Code here:
https://github.com/DataDog/sketches-go
A note on Accuracy: At Circonus, we have been using a version of HDR-Histograms [1] for many years to aggregate latency distributions, and calculate accurate aggregated percentiles. Accuracy was never a problem (worst-case error <5%, usually _much_ better).
If I read your evaluation results correctly, you also found HRD-Histograms to be as-accurate or more-accurate, than DDSketches, correct?
The differentiator to HDR Histograms seems to be merging speed and size, where DDSketches seem to have an edge.
One thing that is not immediately clear to me from reading the paper is, how much of the distribution function can be reconstructed from the sketch? E.g. for SLO calculations one is often interested in latency bands: "How many requests were faster than 100ms?" [2].
Is it possible to approximate CDF values ("lower counts") from the sketch with low/bounded error?

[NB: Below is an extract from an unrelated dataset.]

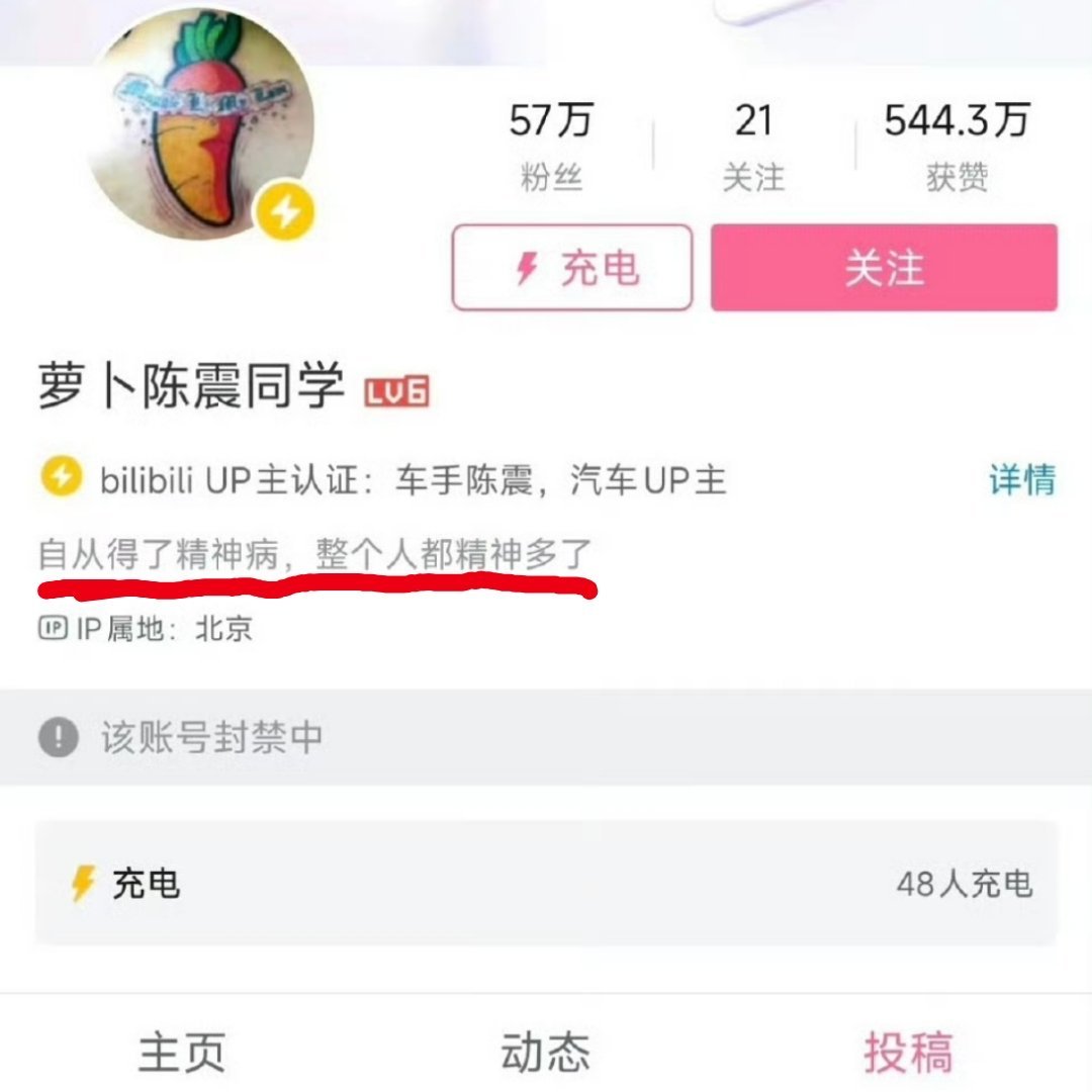 陈震在微博、抖音、小红书、B站被全面禁言,作为顶流大V毫无底线,整天煽动情绪,制

[1] https://github.com/circonus-labs/libcircllhist
[2] http://heinrichhartmann.com/pdf/Heinrich%20Hartmann%20-%20La...
To clarify though, DDSketch as defined in the paper uses the logarithmic mapping, as our main goal was to make the memory footprint as small as possible. See: https://github.com/DataDog/sketches-java/blob/1650d939f1485f...
The Java implementation abstracts out the index mapping. This let us add alternative ways to map values to indices and we added the method with the quadratic interpolation as it seems to be a good tradeoff between index computation speed and memory footprint.
Either way - looks very promising, I am excited to take a closer look and possibly use this. Thanks!
But then I got completely lost in the math to show why this guarantees anything. What's actually preventing the scenario where everything falls into the same or just a few bins? (as so happens in the real world where all your data is of a relatively similar order of magnitude) For example what would happen if my data is random from 1 to 10? And on a different server random 1000 to 1010?
Less than that, with the appropriate compression scheme (sparse encoding).
> But then I got completely lost in the math to show why this guarantees anything.
You get guarantees on _relative_ error:
- 100 to 110 is a 10% error
- 1000 to 1010 is a 1% error
Depending on your logarithmic base, you can detect errors up to a certain relative %-tage.
This may be true for the provided implementation, but it's not inherent to the algorithm. The calcuation of the higher order moments would normally done entirely in the log domain where there's little risk of overflow.
I'm interested in this paper because I worked on a somewhat related problem some time ago, but got stuck on how to handle data that morphs into a mixed-modal distribution. Modes that are close together are no big deal, but modes that are spaced more exponentially apart are tricky to deal with. For an example of something that would be in DataDog's purview, it would be like trying to sketch the histogram of response times from an endpoint that sometimes took a "fast" path (e.g. a request for a query whose result was cached), sometimes took a "normal" path, and sometimes took a "slow" path. (e.g. a query with a flag that requested additional details to be computed) If the response times from the slow path is much bigger than the others, e.g. by an order of magnitude, their statistics might essentially drown-out the data from the other two paths since you're using them to calculate bin size.
I noticed you had some results from measuring DDSketch's performance on a mixed-modal distribution that looked pretty good (that "power" distribution on the last page). I was wondering if you had done any more investigation in this area? E.g. how messy/mixed can the data be before the sketch starts to break down?
https://github.com/tdunning/t-digest/blob/master/docs/t-dige...
The problems of having high relative errors on the larger quantiles has been addressed by a line of work that still uses rank error, but promises lower rank error on the quantiles further away from the median by biasing the data it keeps towards the higher (and lower) quantiles [7], [8], [17]. The latter, dubbed t-digest, is notable as it is one of the quantile sketch implementations used by Elasticsearch [18]. These sketches have much better accuracy (in rank) than uniform-rank-error sketches on percentiles like the p99.9, but they still have high relative error on heavy-tailed data sets. Like GK they are only one-way mergeable.
A 0.01 relative-accurate sketch has to give you a value within a factor of 100.
The above example is contrived, but with real web request data, there is often a very long tail, and rank accurate sketches quickly start giving values far from the actual percentiles.
So to more directly answer you question, it's that the maximum error possible is bounded.